Никто ничего не понял.

— От какой такой? — спросила мать.

— Да от Надички, тятиной сестры самой старшей, которая родилась, когда ещё дедуню в солдаты забрали. Она пишет, что была у тебя в гостях, неужели не помнишь? И дядя Матвей сказывал…

— Так ты говоришь — от Надички? — удивилась мать. — Разве она ещё жива?

— Мам, — с укором посмотрела на неё Дундуся, — что ты говоришь? Ежели бы да не была жива — нешто оттуда почта ходит!

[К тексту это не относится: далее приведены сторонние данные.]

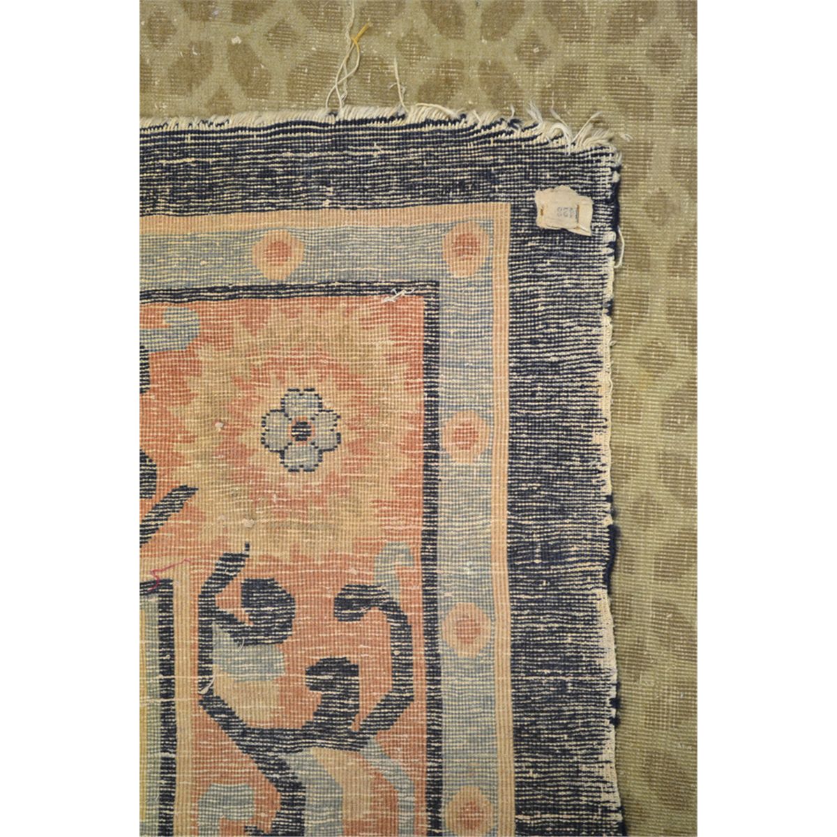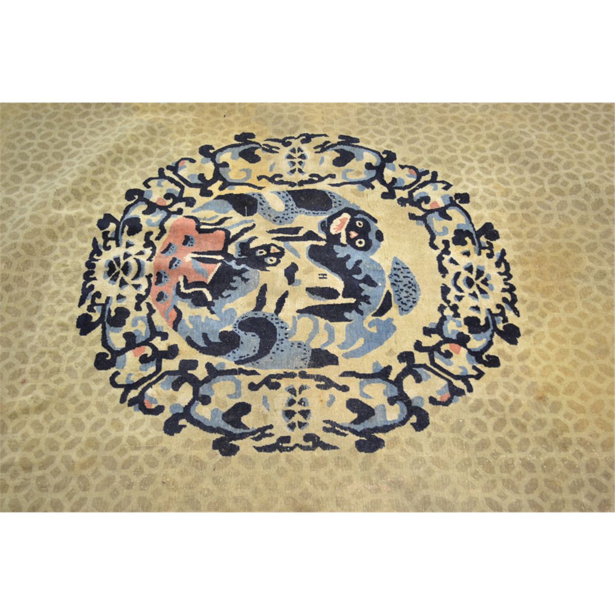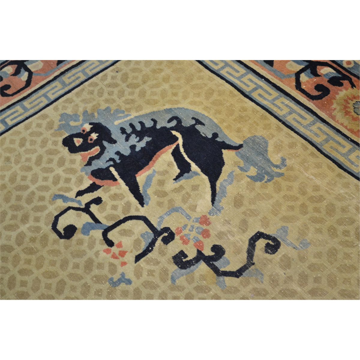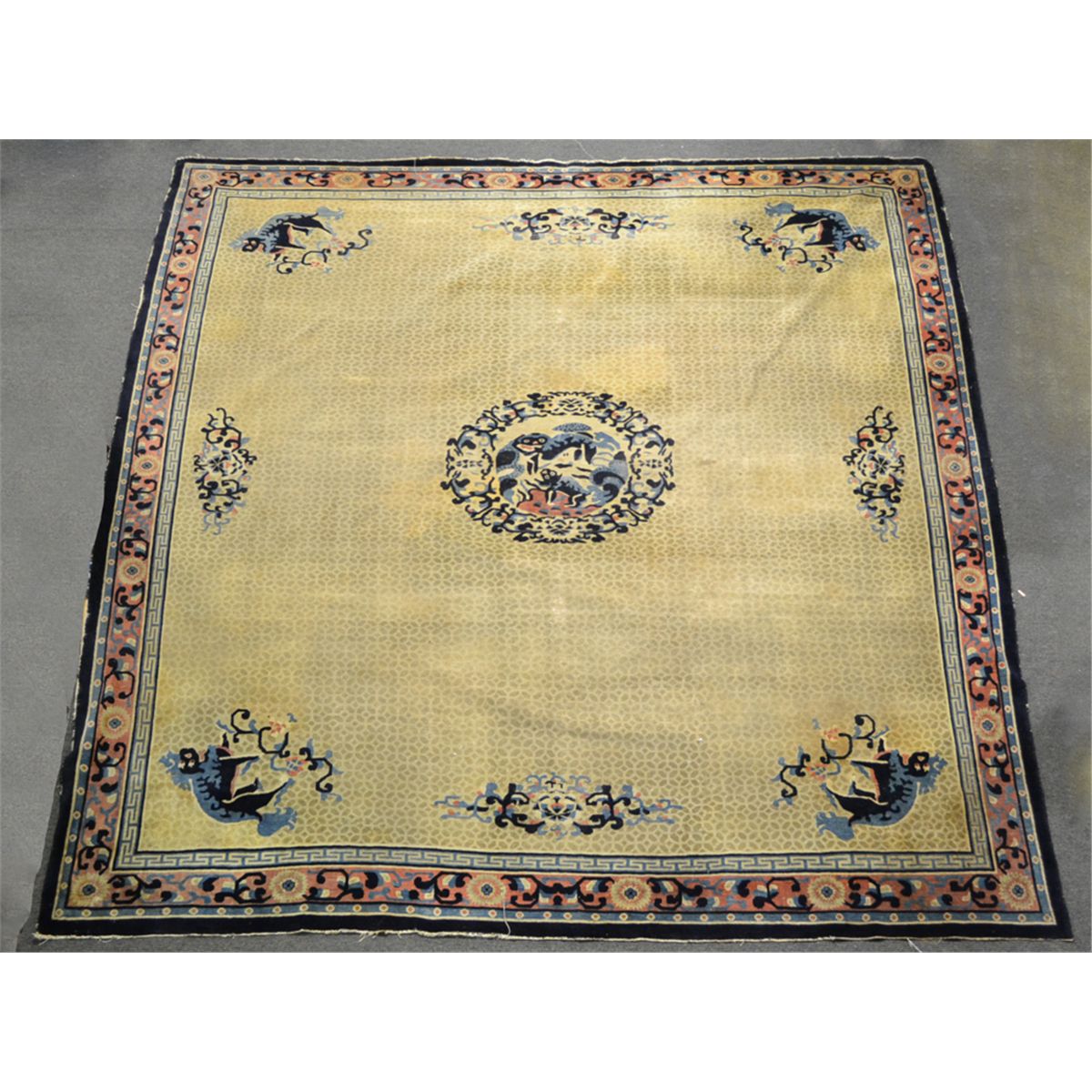 Very large, with foo dog medallion in center and smaller animal figures around edges, Greek key design and floral, in navy, light blue, pink and tan. 13' 6" x 11' 6", surface staining and fraying to edges. Circa early 1900-1910. Private collection Ft. Gratiot, MI.

Надичка, старшая дочь бабки Душани. Она еще лет пятьдесят назад, ещё до рождения дяди Матвея, вышла замуж за удачливого подрядчика и уехала с ним на юг, не то в Харьков, не то в Екатеринослав, где строились железные дороги. Лет десять назад она приезжала проведать родных. Екатерине Васильевне, которой тогда было немногим больше двадцати, старшая сестра Ивана Ивановича показалась совсем старухой — напомаженная, худая и капризная, она всё жаловалась, что у неё «скопление серы в печени» и «главные нервы в осложнениях». Естественно, что для Екатерины Васильевны с той поры, когда она была беременна Серёжкой, и до сегодняшнего дня прошло почти полжизни. И вот, поди ж ты — Надичка ещё жива!

— И что она пишет?

— «…после всех несчастий, что пережила Катенька… («Это она о тебе», — заметила, отрываясь от письма, Дуся) оставлять её в том доме было бы просто бесчеловечно… Пусть приезжает ко мне, это её как-то развеет…»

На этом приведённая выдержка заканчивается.